Cape Canaveral RW30
Skid Strip (Runway 30/12) - Launch Site: Cape Canaveral. Launch Pads: 1. Latitude: 28.7338 N. Longitude: 79.4333 W. Pegasus, Pegasus XL, Navaho X-10.

  • 1958 September 24 - Navaho X-10 Drone BOMARC target mission 1 Launch Vehicle: Navaho X-10. X-10 s/n 12 GM-52-5 The remaining X-10's were expended as targets for Bomarc and Nike antiaircraft missiles. The X-10 flew out over the ocean, then accelerated toward the Cape at supersonic speed. A Bomarc A missile came within lethal miss distance. The X-10 then autolanded on the Skid Strip, but both the drag chute and landing barrier failed. The vehicle ran off the runway and exploded.
  • 1958 November 13 - Navaho X-10 Drone BOMARC target mission 2 Launch Vehicle: Navaho X-10. X-10 s/n 7 GM-19313 The X-10 flew out over the ocean, then accelerated toward the Cape. However the Bomarc A failed to launch. Autoland was successful, but again the drag chute and landing barrier both failed, and the vehicle burned after overrunning the runway.
  • 1959 January 26 - Navaho X-10 Drone BOMARC target mission 3 Launch Vehicle: Navaho X-10. X-10 s/n 10 GM-52-3 The X-10 was launched with only one electrical generator due to a lack of any remaining spares. As it headed out over the ocean, that generator failed. It lost all electrical power, and crashed into the ocean 105 km downrange.
  • 1998 October 23 00:02 - SCD-2 Launch Vehicle: Pegasus. Pegasus H F24/P-33 Apogee: 768 km (477 mi). Brazil's SCD-2 satellite was aboard Orbital Science's L-1011 Stargazer aircraft when it took off from the Cape Canaveral Air Station's Skid Strip (Runway 02/20, 28.2N 80.6W) at 23:05 GMT on Oct 22 and flew to the drop zone near Cape Canaveral (in the Mayport, Florida, Warning Area) at 29.0N 78.3W. The Pegasus ignited 5 seconds after drop. The first stage carried a NASA experiment attached to its right wing, to study hypersonic boundary layer separation. The 115 kg Satelite de Coleta de Dados (Data Collection Satellite) relays data from environmental monitoring stations.
  • 2002 February 5 20:58 - HESSI Launch Vehicle: Pegasus XL. Pegasus XL F31 Apogee: 599 km (372 mi).
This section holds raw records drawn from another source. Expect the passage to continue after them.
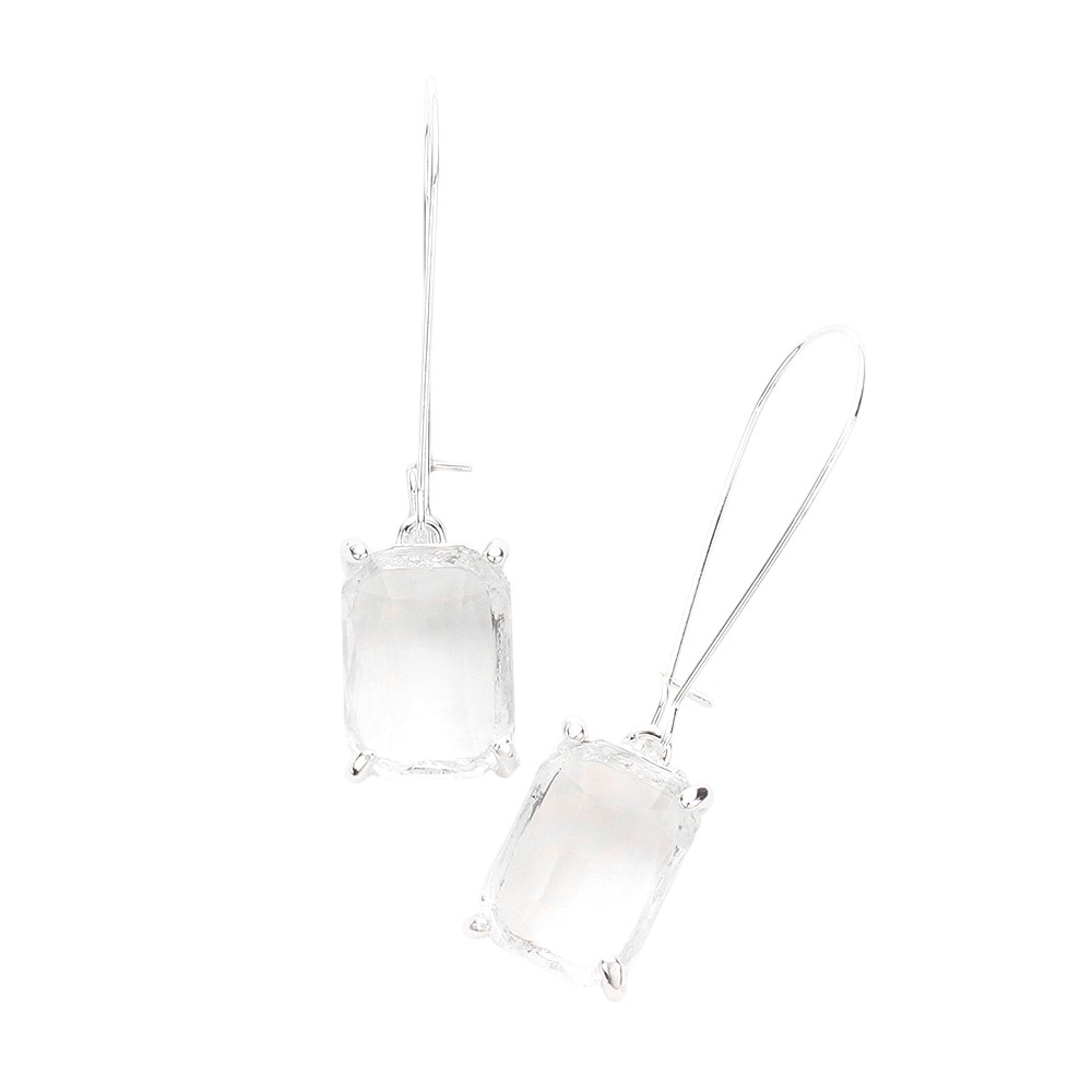 • These minimalist crystal drop earrings feature sleek rectangular stones suspended from delicate loops for a modern, refined look. Perfect for everyday wear or formal occasions, they add just the right touch of sparkle and sophistication to elevate any outfit effortlessly.
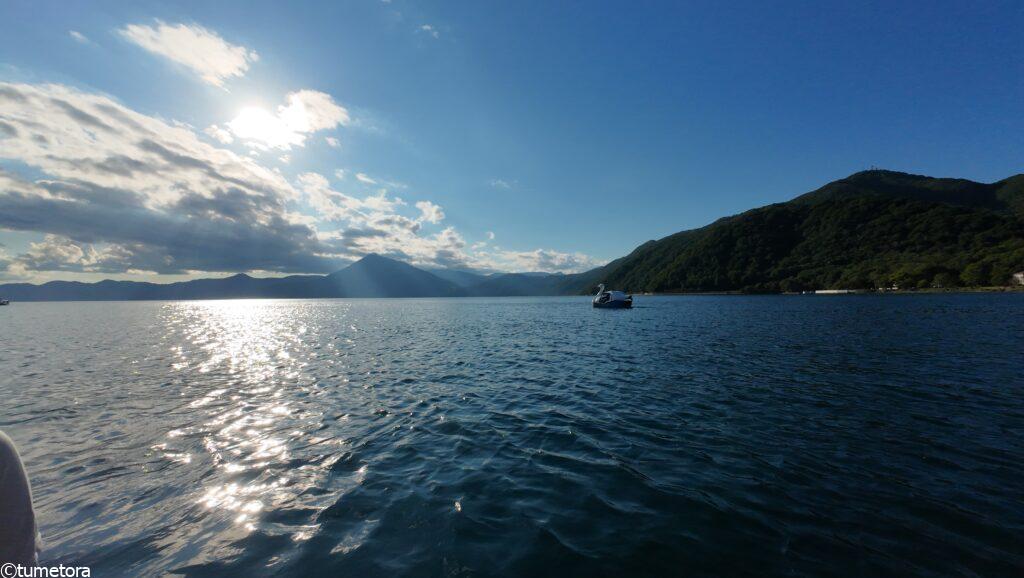支笏湖の湖面に少しだけ出て景色を堪能します。
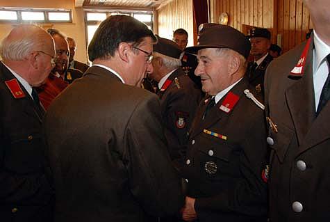 Im Anschluss an die heilige Messe konnte Bezirksfeuerwehrkommandant Landesfeuerwehrrat Ing. Richard Feischl eine Vielzahl von Ehrengästen begrüßen - unter ihnen der örtliche Bürgermeister Rainer Schramm, LAbg. Bgm. Hans Stefan Hintner sowie zahlreiche weitere Vertreter der Politik.

HESSI, the sixth Small Explorer, carried a rotating modulation collimator transform telescope, imaging solar flares in the hard X-ray spectrum. The launch marked the return to flight of Pegasus after the Hyper-X failure. The launch was originally to have occurred on 28 March 2001. The L-1011 launch aircraft took off at 19:29 GMT from the Cape Canaveral Skid Strip RW30/12, and headed out to the drop area at 28.0 N 78.5 W over the Atlantic. Drop of the Pegasus in the Atlantic Drop Zone at 28.0 N 78.5 W was at 20:58 GMT, with ignition 5 seconds later. The Pegasus reached orbit at 21:07 GMT. On the first pass it was confirmed that the solar panels had opened.

    The satellite rotated at 15 rpm, imaging by reconstructing the Fourier components from the time modulation of the solar x-ray flux through a set of 9 grids each 9 cm in diameter. It was expected to make images with a resolution of 2 arcseconds at 40 keV energies and 36 arcseconds at 1 MeV energies. The launch delays meant that HESSI missed some of the best flares at solar max.